Recent data reveals China’s ongoing efforts to reduce its dependence on the US dollar while expanding the international role of the renminbi. This strategic shift, which began during the Trump administration, reflects Beijing’s preparation for potential increased tensions in US-China relations.

Analysis shows the dollar’s prominence in Chinese cross-border transfers has significantly decreased over the past 15 years, falling from approximately 80-85% in 2010 to 40-45% currently. This decline has been primarily offset by increased renminbi flows rather than adoption of other currencies. Notably, the renminbi’s share in global trade financing has seen substantial growth, rising from roughly 2% in 2021 to over 7% today, directly impacting the dollar’s market position.

However, certain aspects of China’s financial system remain heavily dollar-dependent. The composition of China’s foreign exchange reserves shows little change in dollar allocation in recent years.
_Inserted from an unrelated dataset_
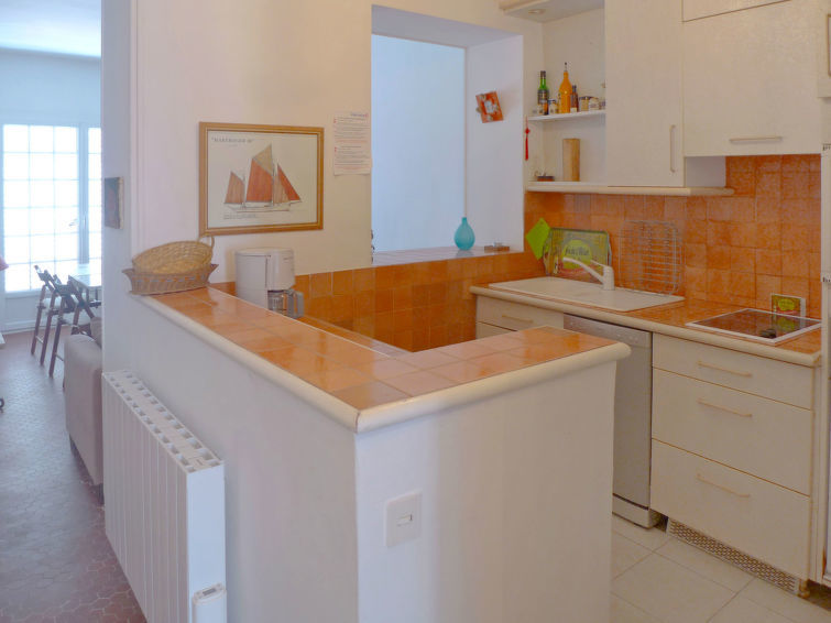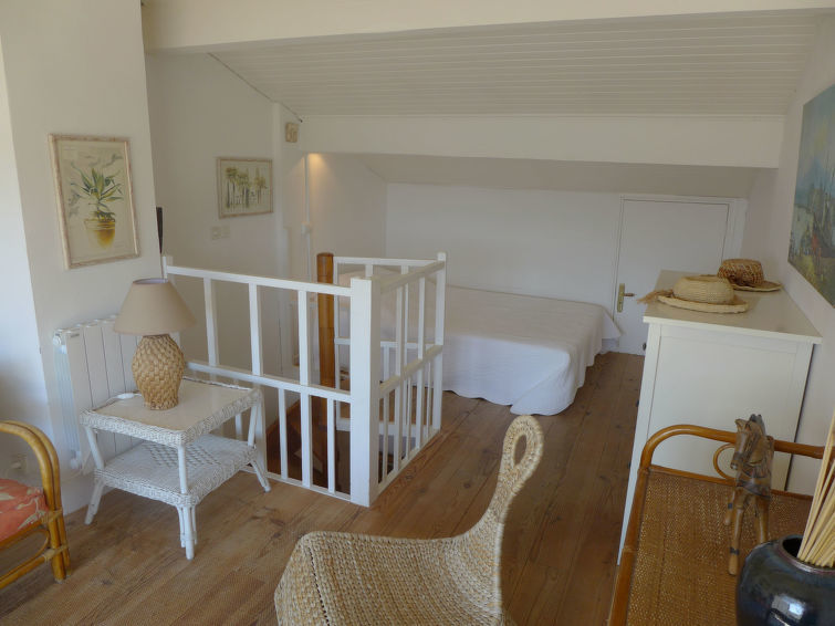 Appartement 3-kamers 50 m2 op 2 verdiepingen op de 1e verdieping. Licht, doelmatig en mooi ingericht: woon-/eetkamer met TV en stereo-installatie. Uitgang naar het balkon, op het zuiden. 1 kamer met 2 bedden (90 cm, lengte 190 cm). Open keuken in de hal (oven, afwasmachine, 2 keramische glas kookplaten, elektrische koffiemachine). Douche/WC. Bovenverdieping: (wenteltrap) woon-/slaapkamer met afgeschuinde daken, hoogte van het plafond 127 - 220 cm met 1 2-pers bed (1 x 140 cm, lengte 190 cm). Uitgang naar het terras. Elektrische verwarming. Balkon 8 m2, op het zuiden gelegen, terras 12 m2, op het zuiden gelegen. Terrasmeubelen. Panoramazicht op zee en de haven. Ter beschikking: wasmachine, strijkijzer. Internet (Internet (WiFi), extra). Garage op 600 m. Let op: maximaal 1 klein huisdier/hond toegestaan. TV alleen FR. Rookmelders. De wenteltrap heeft geen leuning. De garage is in de kelder van de woning gelegen op 600m. Afmetingen van de garage: hoogte 1,80 m/ breedte 2,23 m/ diepte 5,10 m. 831120002139Z

Chinese banks’ external dollar net assets have maintained relative stability, standing at $476 billion in the fourth quarter of 2024, though both gross assets and liabilities have decreased.
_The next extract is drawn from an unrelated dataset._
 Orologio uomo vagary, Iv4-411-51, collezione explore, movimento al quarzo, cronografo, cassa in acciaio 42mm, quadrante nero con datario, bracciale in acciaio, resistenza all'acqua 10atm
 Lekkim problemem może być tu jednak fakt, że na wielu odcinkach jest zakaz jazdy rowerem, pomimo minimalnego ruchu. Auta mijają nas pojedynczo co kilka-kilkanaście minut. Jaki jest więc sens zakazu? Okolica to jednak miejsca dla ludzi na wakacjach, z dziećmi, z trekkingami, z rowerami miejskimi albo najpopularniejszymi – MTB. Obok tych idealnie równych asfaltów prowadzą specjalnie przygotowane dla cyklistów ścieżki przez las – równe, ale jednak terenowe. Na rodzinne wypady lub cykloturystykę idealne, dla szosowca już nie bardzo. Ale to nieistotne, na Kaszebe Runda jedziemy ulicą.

SWIFT data indicates a marked increase in renminbi usage for international transactions, though it remains modest compared to dollar dominance. The currency’s role in global trade finance has more than tripled since 2018-2021, while the dollar’s share has declined from 86% to approximately 81%. This shift appears particularly pronounced in Russia-China trade following the freezing of Russian reserves, with emerging markets also showing increased interest in renminbi-denominated trade.

Chinese corporate foreign exchange hedging has shown steady growth, rising from less than 10% in 2015 to nearly 30% in 2025, according to SAFE definitions. Meanwhile, banks’ net foreign exchange exposure has decreased from about 3.5% in 2015 to under 1.5% by late 2024.

The People’s Bank of China continues to hold the majority of Chinese foreign assets, including non-dollar holdings, though other entities have increased their holdings over the past decade. Bank-specific data reveals Chinese banks’ external dollar assets have decreased by $200 billion since late 2021, with liabilities dropping by $224 billion during the same period.

In terms of loans and deposits, Chinese external dollar net assets reached $356 billion in Q4 2024, down from $478 billion in early 2022. The distribution between banks and non-banks appears relatively balanced, possibly due to substantial non-bank dollar deposits in foreign banks.

The bond market presents a different picture, with banks holding the vast majority of external dollar net assets. Non-bank entities only recently achieved positive net assets during 2023.

These trends suggest China has made progress in reducing dollar dependency through increased renminbi usage, particularly in international trade and cross-border transfers. However, the dollar remains deeply embedded in China’s financial system, especially in foreign exchange reserves and trading. The gradual nature of this transition reflects both the complexity of reducing reliance on the world’s dominant reserve currency and China’s measured approach to financial system reform.